你好,我是大圣。

上一讲我们学习了下一代Vuex框架Pinia的原理,今天我来带你分析Vue生态中另外一个重要的框架vue-router的源码。

课程中我们也实现过一个迷你的router,我们通过监听路由的变化,把路由数据包裹成响应式对象后,一旦路由发生变化,我们就去定义好的路由数据中查询当前路由对应的组件,在router-view中渲染即可。今天我们就进入到vue-router源码的内部,看一下实际的vue-router和我们实现的迷你版本有什么区别。

vue-router入口分析

vue-router提供了createRouter方法来创建路由配置,我们传入每个路由地址对应的组件后,使用app.use在Vue中加载vue-router插件,并且给Vue注册了两个内置组件,router-view负责渲染当前路由匹配的组件,router-link负责页面的跳转。

我们先来看下createRouter如何实现,完整的代码你可以在GitHub上看到。这个函数比较长,还好我们有TypeScript,我们先看下createRouter的参数。

在下面的代码中,参数RouterOptions是规范我们配置的路由对象,主要包含history、routes等数据。routes就是我们需要配置的路由对象,类型是RouteRecordRaw组成的数组,并且RouteRecordRaw的类型是三个类型的合并。然后返回值的类型Router就是包含了addRoute、push、beforeEnter、install方法的一个对象,并且维护了currentRoute和options两个属性

并且每个类型方法还有详细的注释,这也极大降低了阅读源码的门槛,可以帮助我们在看到函数的类型时就知道函数大概的功能。我们知道Vue中app.use实际上执行的就是router对象内部的install方法,我们先进入到install方法看下是如何安装的。

// createRouter传递参数的类型
export interface RouterOptions extends PathParserOptions {
  history: RouterHistory
  routes: RouteRecordRaw[]
  scrollBehavior?: RouterScrollBehavior
  ...
}
// 每个路由配置的类型
export type RouteRecordRaw =
  | RouteRecordSingleView
  | RouteRecordMultipleViews
  | RouteRecordRedirect

//... other config
// Router接口的全部方法和属性
export interface Router {
  readonly currentRoute: Ref<RouteLocationNormalizedLoaded>
  readonly options: RouterOptions

  addRoute(parentName: RouteRecordName, route: RouteRecordRaw): () => void
  addRoute(route: RouteRecordRaw): () => void
  Route(name: RouteRecordName): void
  hasRoute(name: RouteRecordName): boolean

  getRoutes(): RouteRecord[]
  resolve(
    to: RouteLocationRaw,
    currentLocation?: RouteLocationNormalizedLoaded
  ): RouteLocation & { href: string }
  push(to: RouteLocationRaw): Promise<NavigationFailure | void | undefined>
  replace(to: RouteLocationRaw): Promise<NavigationFailure | void | undefined>
  back(): ReturnType<Router['go']>
  forward(): ReturnType<Router['go']>
  go(delta: number): void
  beforeEach(guard: NavigationGuardWithThis<undefined>): () => void
  beforeResolve(guard: NavigationGuardWithThis<undefined>): () => void
  afterEach(guard: NavigationHookAfter): () => void
  onError(handler: _ErrorHandler): () => void
  isReady(): Promise<void>
  install(app: App): void
}





export function createRouter(options: RouterOptions): Router {



}

路由安装

从下面的代码中我们可以看到,在createRouter的最后,创建了包含addRoute、push等方法的对象,并且install方法内部注册了RouterLink和RouterView两个组件。所以我们可以在任何组件内部直接使用<router-view>和<router-link>组件,然后注册全局变量$router和$route,其中$router就是我们通过createRouter返回的路由对象,包含addRoute、push等方法,$route使用defineProperty的形式返回currentRoute的值,可以做到和currentRoute值同步。

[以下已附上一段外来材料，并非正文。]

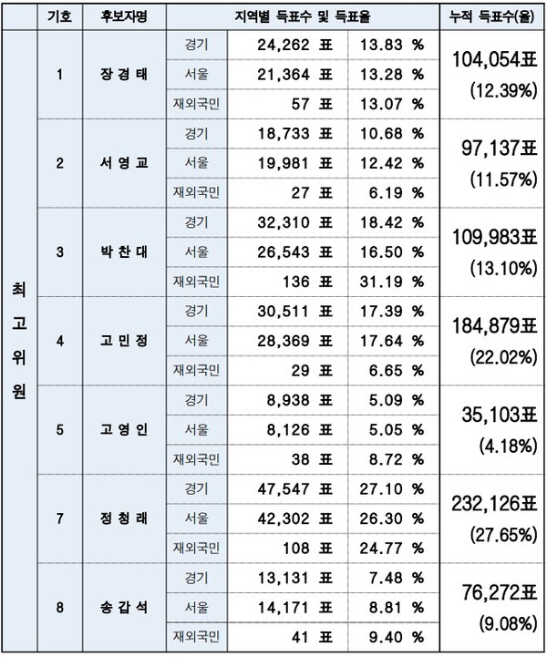 ◇ 최고위원, 정청래·고민정·박찬대·장경태·서영교 순...당선권

然后使用computed把路由变成响应式对象,存储在reactiveRoute对象中,再通过app.provide给全局注册了route和reactive包裹后的reactiveRoute对象。我们之前介绍provide函数的时候也介绍了,provide提供的数据并没有做响应式的封装,需要响应式的时候需要自己使用ref或者reactive封装为响应式对象,最后注册unmount方法实现vue-router的安装。

export function createRouter(options: RouterOptions): Router {
....
  let started: boolean | undefined
  const installedApps = new Set<App>()
  // 路由对象
  const router: Router = {
    currentRoute,

    addRoute,
    removeRoute,
    hasRoute,
    getRoutes,
    resolve,
    options,

    push,
    replace,
    go,
    back: () => go(-1),
    forward: () => go(1),

    beforeEach: beforeGuards.add,
    beforeResolve: beforeResolveGuards.add,
    afterEach: afterGuards.add,

    onError: errorHandlers.add,
    isReady,
    // 插件按章
    install(app: App) {
      const router = this
      // 注册全局组件 router-link和router-view
      app.component('RouterLink', RouterLink)
      app.component('RouterView', RouterView)

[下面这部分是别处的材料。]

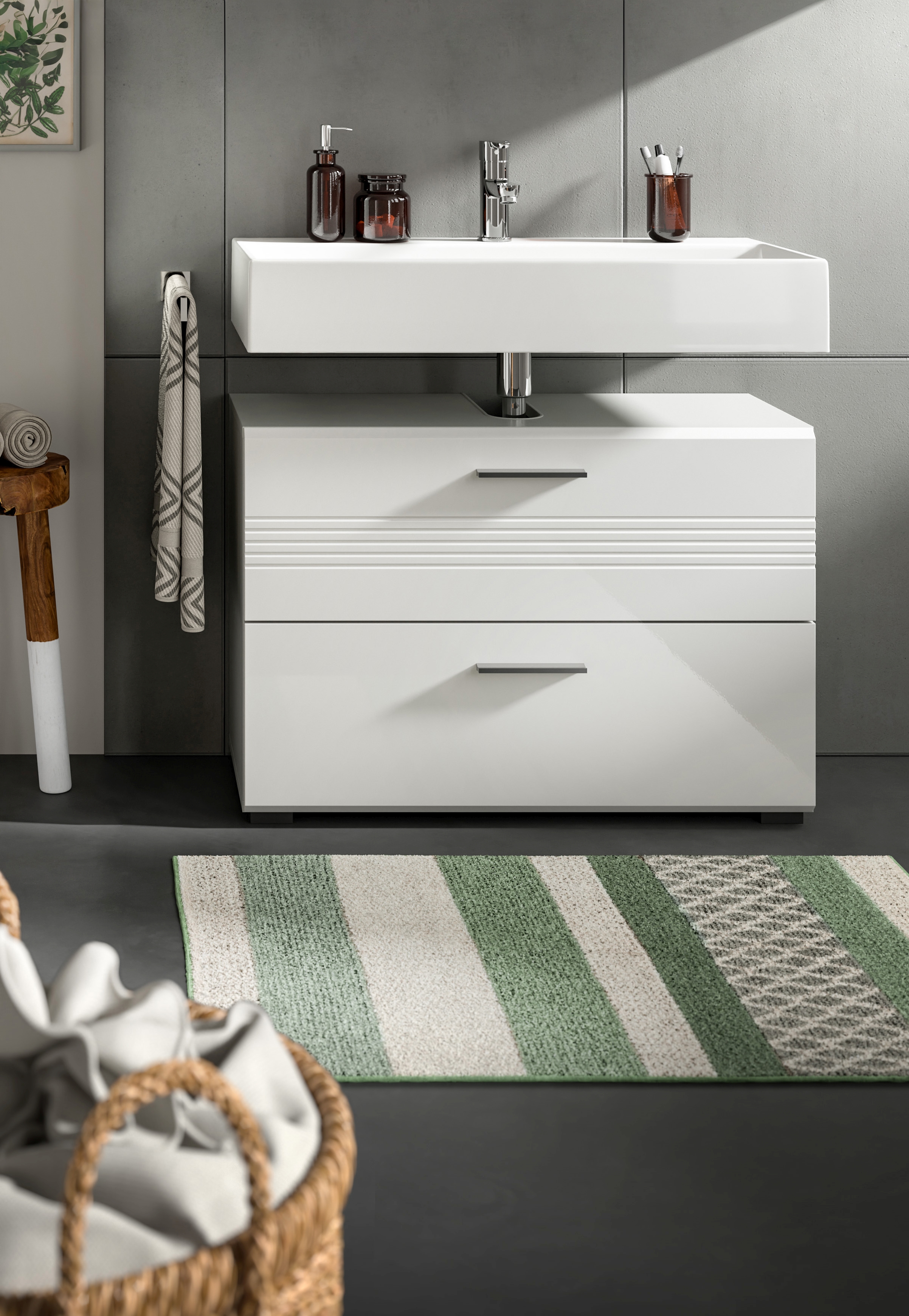 - Fonctionnalité : le large meuble sous vasque offre un espace de rangement spacieux pour les accessoires de bain et les produits d’entretien ; grâce à sa forme ample et à sa taille compacte, il s’intègre parfaitement sous le lavabo et permet d’utiliser l’espace disponible de façon optimale.

      app.config.globalProperties.$router = router
      Object.defineProperty(app.config.globalProperties, '$route', {
        enumerable: true,
        get: () => unref(currentRoute),
      })
      if (
        isBrowser &&
        !started &&
        currentRoute.value === START_LOCATION_NORMALIZED
      ) {
        // see above
        started = true
        push(routerHistory.location).catch(err => {
          if (__DEV__) warn('Unexpected error when starting the router:', err)
        })
      }

      const reactiveRoute = {} as {
        [k in keyof RouteLocationNormalizedLoaded]: ComputedRef<
          RouteLocationNormalizedLoaded[k]
        >
      }
      for (const key in START_LOCATION_NORMALIZED) {
        // @ts-expect-error: the key matches
        reactiveRoute[key] = computed(() => currentRoute.value[key])
      }
      // 提供全局配置
      app.provide(routerKey, router)
      app.provide(routeLocationKey, reactive(reactiveRoute))
      app.provide(routerViewLocationKey, currentRoute)

      const unmountApp = app.unmount
      installedApps.add(app)
      app.unmount = function () {
        installedApps.delete(app)
        // ...
        unmountApp()
      }

      if ((__DEV__ || __FEATURE_PROD_DEVTOOLS__) && isBrowser) {
        addDevtools(app, router, matcher)
      }
    },
  }

  return router
}

路由对象创建和安装之后,我们下一步需要了解的就是router-link和router-view两个组件的实现方式

通过下面的代码我们可以看到,RouterView的setup函数返回了一个函数,这个函数就是RouterView组件的render函数。大部分我们使用的方式就是一个<router-view />组件,没有slot情况下返回的就是component变量。component使用h函数返回ViewComponent的虚拟DOM,而ViewComponent是根据matchedRoute.components[props.name]计算而来。

matchedRoute依赖的matchedRouteRef的计算逻辑在如下代码的第12~15行,数据来源injectedRoute就是上面我们注入的currentRoute对象。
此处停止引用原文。